Ultimate License Only. A screensaver can contain two completely different presentations. Which sequence plays depends on the "locking" status of the screensaver. As the screensaver author, you can control the locking behavior of the screensaver, and generate individual keycodes to unlock the screensaver. For example, a common use for this is to provide a "teaser" or "demo" version of a screensaver that is unlocked for a while, then locks after a few days. You would then sell unlocking codes on your website through the online merchant of your choice.

//marketing intermission//
The Locking features are advanced enough to require our Ultimate iScreensaver License, but they come with the incredible advantage of being able to market or sell upgraded screensavers to your existing users with their own personalized keycodes. For our unregistered customers, don't forget - try it before you buy it!
We think you'll love it.
//end marketing intermission//

Using the Locking tab

You can test all locking features without purchasing the software. However, until an Ultimate license is purchased, all "unlocked" sequences will be watermarked. The Locking tab allows editing of the locking behavior: set the initial state, set time- and use-based changes. Edit the type of unlocking codes provided, and set a URL hyperlinks for customers to find your website. And, of course, you can edit the content of the unlocked sequence.
But first you have to turn it on.

To enable the locking features:

  1. From the Project window, do one of the following:
    - In the toolbar, choose the Locking icon.
    - Select Locking > Locking Settings from the Project menu.
  2. Click the Use Locking checkbox.

    The toolbar transforms to show two separate Video and Audio sequences, and the Locking subtab edit panes are now available. Any sequence in the project at the time of enabling locking will be considered Sequence 1 and remain on the left side of the toolbar.
Using Locking features
Using Locking features

If locking is ever disabled in a project (either accidentally or on purpose), Sequence 1 will become the main sequence, and while the Sequence 2 data will remain a part of the project, none of it will be built into the installers. Re-enabling Locking will restore the separate sequences to the project.

Tip:

Using the Behavior subtab

When using Locking features, a screensaver is in either one of two states: Sequence 1 or Sequence 2. This status controls which audio/video presentation the user will see.
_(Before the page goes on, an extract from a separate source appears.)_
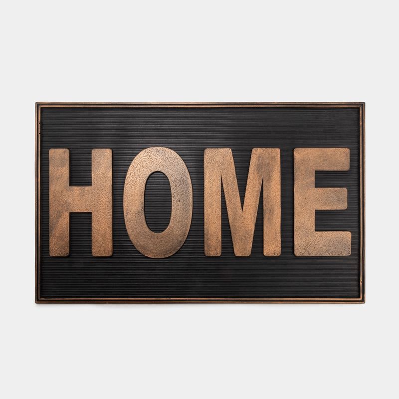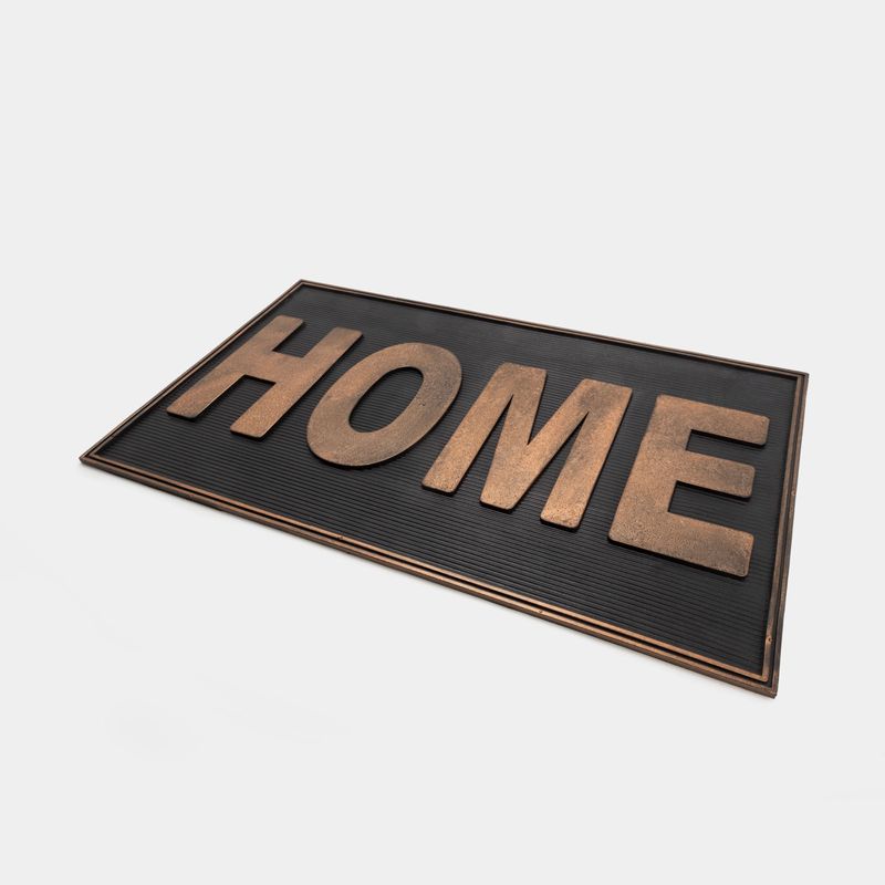 Encuentra en Panamericana hermosos y coloridos tapetes con diferentes diseños para que adornes tu hogar. Características: • Diseño: Home • Color: negro, cobre • Material: caucho • Medidas: 45.5 x 76 x 1 cm

The behavior subtab is where you control the switching behaviors. It's very flexible : you can have the screensaver start on either sequence, and change on a certain date, or after a certain number of uses or hours of runtime. Do you want the user to see the unlocked presentation first, or not until they've paid? Do you even wish for them to know about it at all? It's your choice when to drop the drawbridge of commerce.

Defaults are Initial State: Sequence 1, Reminders: On, and No Automatic Change in Behavior.

The Lock tab, Behaviors

Initial State

Determines the sequences used for previewing and installing. Sequence 1 is on the left side of the Locking icon, while Sequence 2 is on the right side. Whichever sequence is chosen is what the end user will first see when previewing or installing the screensaver.

Unlocking Reminder

The Reminder dialog can be disabled from alerting the user to the alternate content. Without this reminder, the only indication of further content is the Lock icon in the Control Panel. Clicking the Lock icon opens the Unlocking Reminder dialog.

Show during installation

Before installation begins, the user can be notified that there is extra content.

Show after wake-up

Each time the screensaver wakes from sleep, the Reminder dialog alerts the user of extra content. The user can postpone the reminder for another time in the future.

Behavior

The screensaver can switch from one sequence to the other automatically:

No Change

It stays as it lays. Fairly self-explanatory - the screensaver will never switch from its initial state on its own. Note that if the user enters an unlocking code, this will change the state.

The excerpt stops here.